#### Task directions:
The line containing "<p>Greetings from Wildwood-by-the-Sea, New" marks the end; write out exactly every line from the start of the data up to and including it, without the pictures.

(Items from a data source)
***

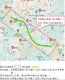 台66線20.7K至27.205K路段將封閉 請注意交通管制
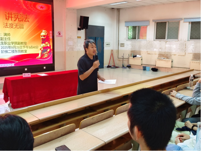 此外,满副主任还针对校园生活中常见的法律问题,引入网络热事,在网络安全、隐私保护、公共安全等方面进行了普法宣传,引导学生知法、懂法、守法、用法。讲座内容丰富、案例生动,既有理论深度,又贴近实际,赢得了现场学生的热烈掌声。
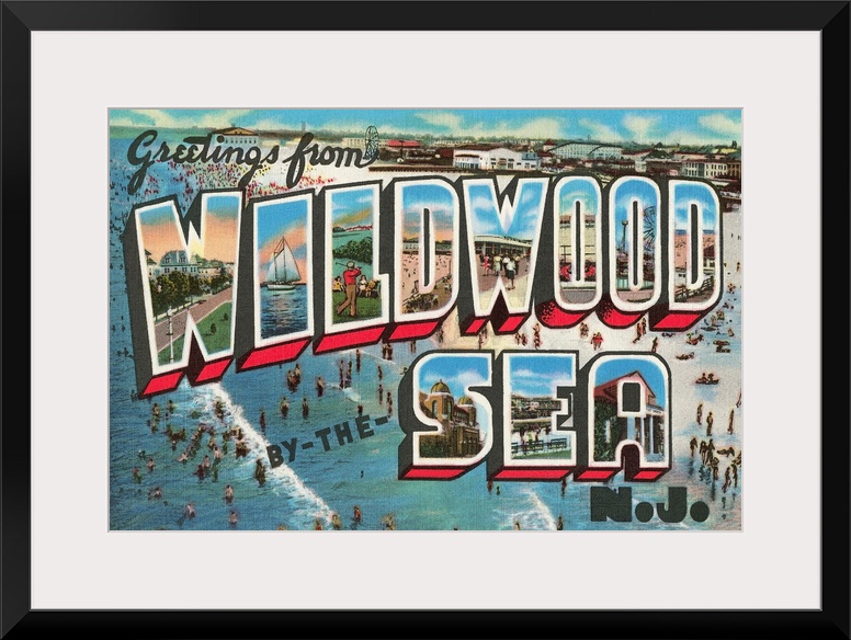 <p>Greetings from Wildwood-by-the-Sea, New Jersey large letter vintage postcard</p>
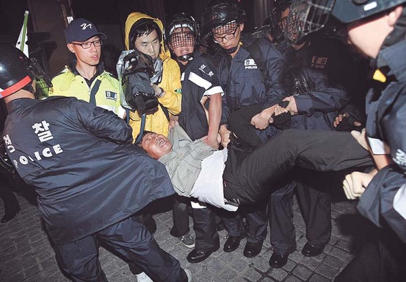 그렇게 잘생기고 말 잘 듣고 공부 잘하고 예의 바른 ‘엄친아’(엄마 친구 아들)도 지키기 힘든 법이 있다. 국민감정법도, 국가보안법도 아니고 집시법(집회 및 시위에 관한 법률). 행여나 허가된 길을 벗어나 ‘선’을 넘어선 아니되고, 목소리를 높여서 일정한 ‘데시벨’을 넘어서도 아니되며, 해가 떨어지면 자정 무렵의 신데렐라처럼 드레스 아니 피켓을 주섬주섬 집어들고 서둘러 집으로 가야 한다. 아니면 48시간 경찰서 연행, 적어도 벌금 폭탄을 맞는단 사실을 지난여름에 확인하지 않았던가. 이제는 석양의 신데렐라로 돌변하지 않아도 될까. 서울중앙지법 박재영 판사는 10월9일 야간 옥외집회를 금지한 집시법에 대해 “집회와 시위의 자유를 제약한다”며 위헌법률심판을 제청했다. 이제 엄친아를 완벽한 엄친아로 만드는 일, 헌법재판관들의 손에 달렸다.
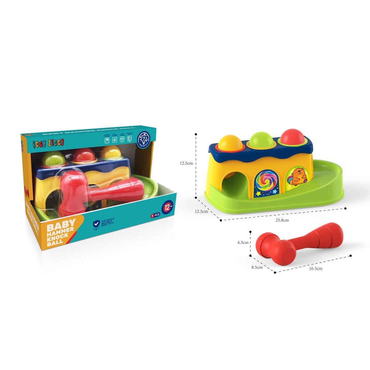 Grzechotka Iggy Ziggy to zestaw rozwojowy dla maluchów. Zestaw zawiera 3 kolorowe piłki, młoteczek i korpus z otworami. Pomaga dziecku rozwijać koordynację ruchową i motorykę małą. Wykonana z trwałego i bezpiecznego plastiku o zaokrąglonych krawędziach. Iggy Ziggy to marka zabawek rozwojowych dla maluchów. Asortyment obejmuje jasne i bezpieczne zabawki, które pomagają dzieciom poznawać świat w zabawny sposób. Produkty marki mają na celu rozwijanie motoryki małej, logiki, koordynacji i percepcji sensorycznej. Wszystkie zabawki Iggy Ziggy są wykonane z wysokiej jakości i bezpiecznych materiałów. Jaskrawy design i interaktywne elementy sprawiają, że każda zabawka jest dla dziecka wyjątkowo ekscytująca.
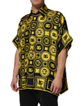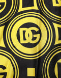 Gorgeous brand new, 100% Authentic Dolce & Gabbana t-shirt features a luxurious yellow silk fabric adorned with a silver DG logo and an intricate geometric print. This elegant short sleeve top offers a lightweight, silky feel and a refined look, perfect for making a bold and stylish statement.
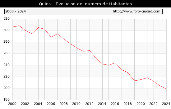 el numero de habitantes en Quins era de 199, 5 habitantes menos que el en el año 2023. En el grafico siguiente se puede ver cuantos habitantes tiene Quins a lo largo de los años.
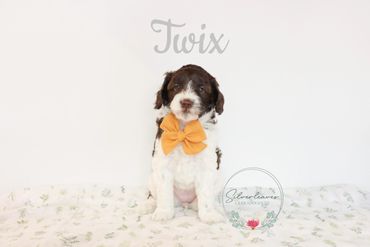 Amalie Winter (Winnie) and La Maison Aramis welcomed 6 gorgeous puppies on the 28th of October. 4 girls and 2 boys in chocolate parti and chocolate abstract. These puppies will be mini to small medium fully grown. We expect them to be between 10-12kg.
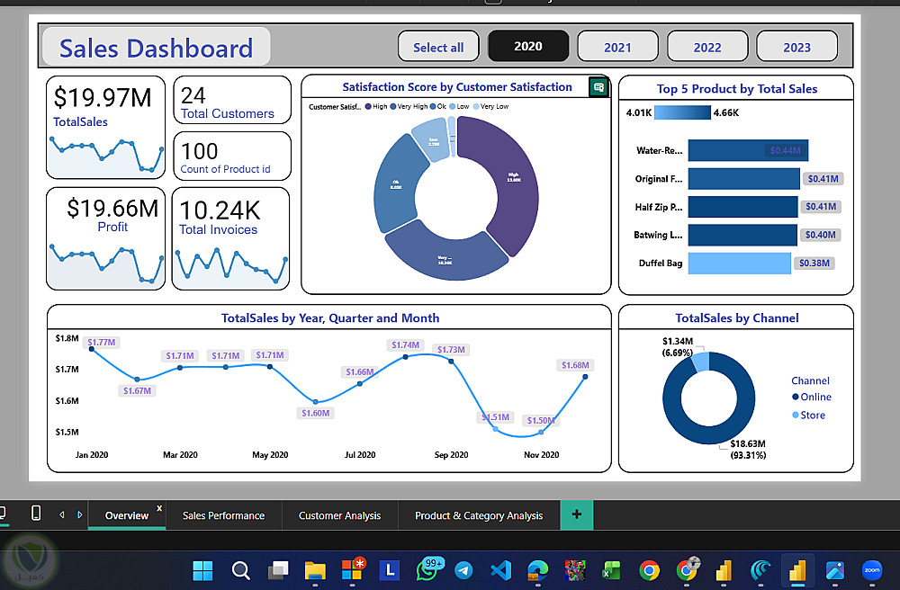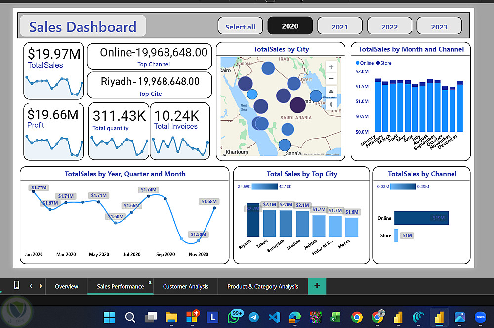 يتضمن التصميم سلايسرز للتصفية بحسب السنة وصفحات تحليلية مع مخططات خطية وعمودية ودونات وخرائط للمدن لإبراز القنوات والمناطق الأكثر مساهمة بطريقة تفاعلية وبديهية.
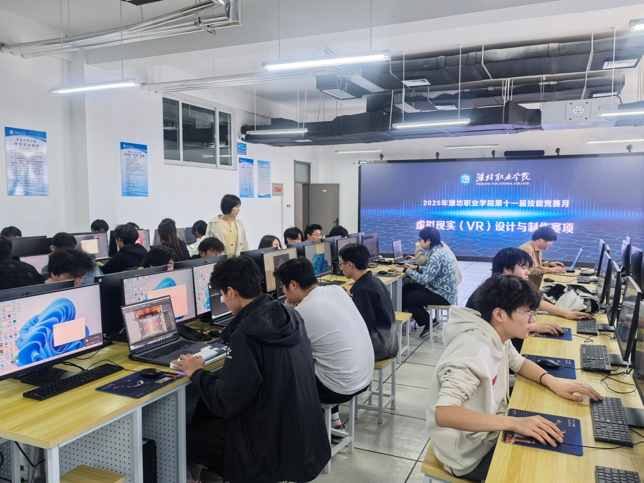 该院各竞赛项目整合校企优质资源,邀请企业专家全程参与赛题命制、评分标准制定、评判打分等环节。企业专家将一线生产项目、前沿业务场景转化为赛题,在打分环节引入企业用人评价逻辑,以行业实际需求为导向,精准把控赛题难度与实践价值,比赛内容与形式深度对接国赛标准与企业岗位需求,确保竞赛与职业技能标准、行业前沿技术同频共振。比赛中,参赛学生精神饱满、沉着应战、操作娴熟,展现了扎实的专业知识、规范的操作技术和良好的职业素养,获得评委老师的一致肯定。竞赛活动组织贯彻“人人出彩 技能强国”理念,通过多渠道宣传动员,共组织430名学生参赛,充分调动了学生的参与积极性,营造了“人人努力成才、人人皆可成才”的育人氛围。
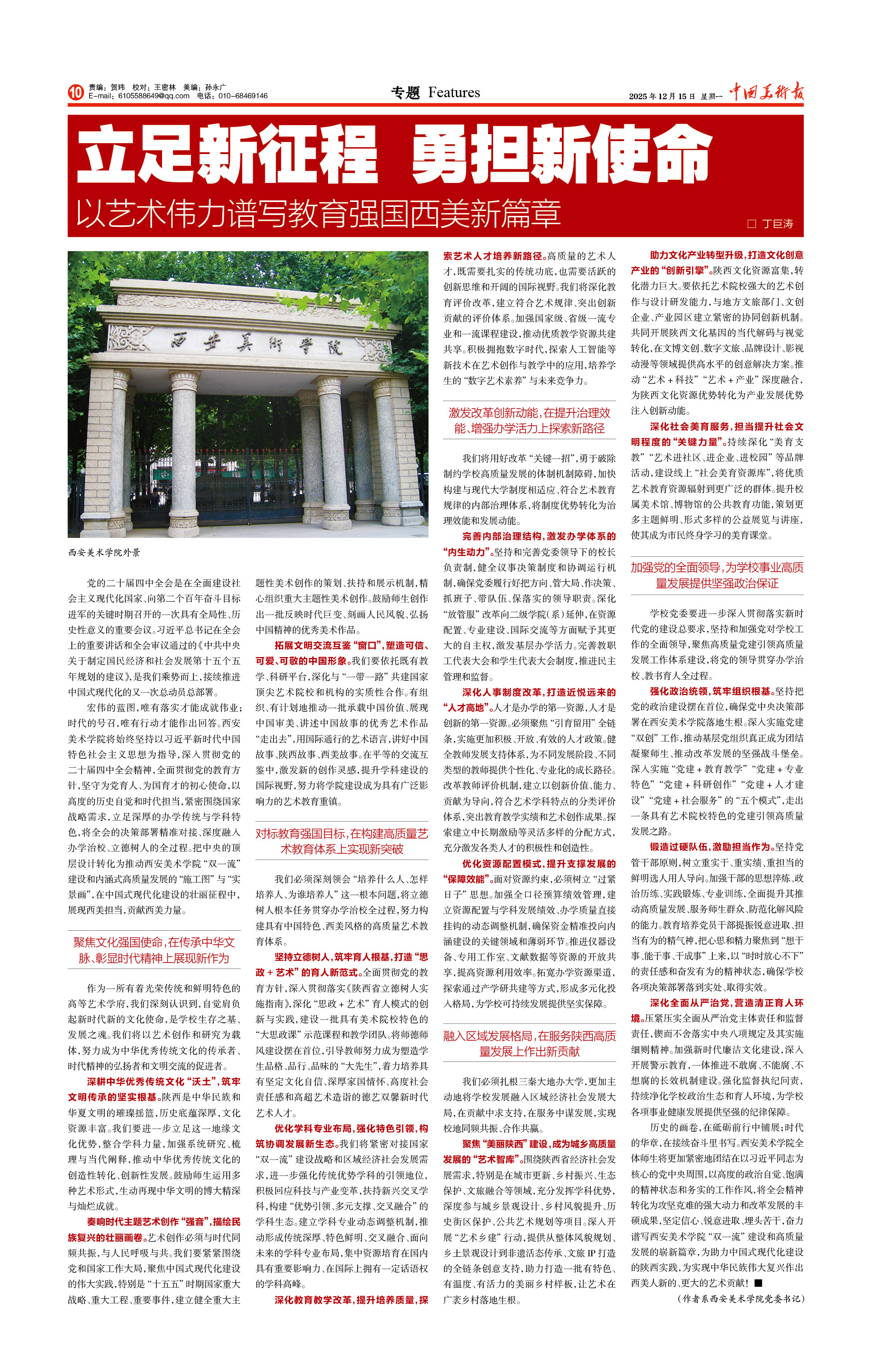 编者按:12月15日,西安美院党委书记丁巨涛在《中国美术报》发表题为《立足新征程 勇担新使命 以艺术伟力谱写教育强国西美新篇章》的署名文章。文章深入学习贯彻党的二十届四中全会精神,紧扣“为党育人、为国育才”的初心使命,立足高等艺术教育的时代方位与责任担当,系统阐述了西安美术学院在推进教育强国、文化强国建设中的战略思考与实践路径。充分展现了西安美术学院胸怀“国之大者”、心系“省之要事”的政治自觉与使命意识,彰显了以艺术之力服务中国式现代化的坚定决心。现全文转载。
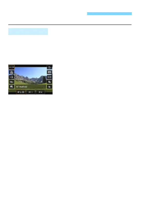 monitor, you can set AF method, Movie rec. size, Digital zoom,
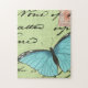 Blauer Schmetterling auf Aquamariner Postkarte Puzzle
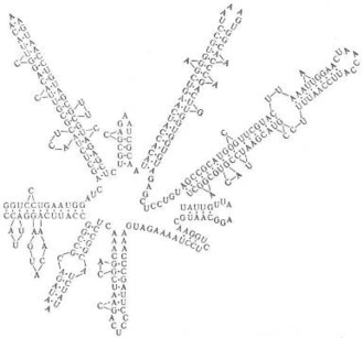 Рибонуклеиновые кислоты. РНК, как правило, построены из одной полинуклеотидной цепи, характерный элемент вторичной структуры которой – «шпильки», перемежающиеся однотяжевыми участками (рис. 2). Шпилька – двутяжевая спиральная структура, образующаяся в результате комплементарного спаривания оснований (А с U и G с С). Шпильки и соединяющие их однотяжевые участки РНК укладываются в компактную третичную структуру. Для РНК вторичная структура имеет характерную форму, которую называют «клеверным листом». Известны редкие примеры целиком двухспиральных молекул РНК.
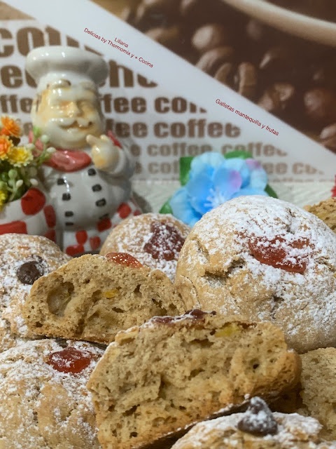 Horneamos unos 17-20 min. en el horno precalentado a 180ºC, depende de cada horno y el tamaño de las galletas. Por arriba van a coger un color doradito.

***

#### Exercise result:
 台66線20.7K至27.205K路段將封閉 請注意交通管制
 此外,满副主任还针对校园生活中常见的法律问题,引入网络热事,在网络安全、隐私保护、公共安全等方面进行了普法宣传,引导学生知法、懂法、守法、用法。讲座内容丰富、案例生动,既有理论深度,又贴近实际,赢得了现场学生的热烈掌声。
 <p>Greetings from Wildwood-by-the-Sea, New Jersey large letter vintage postcard</p>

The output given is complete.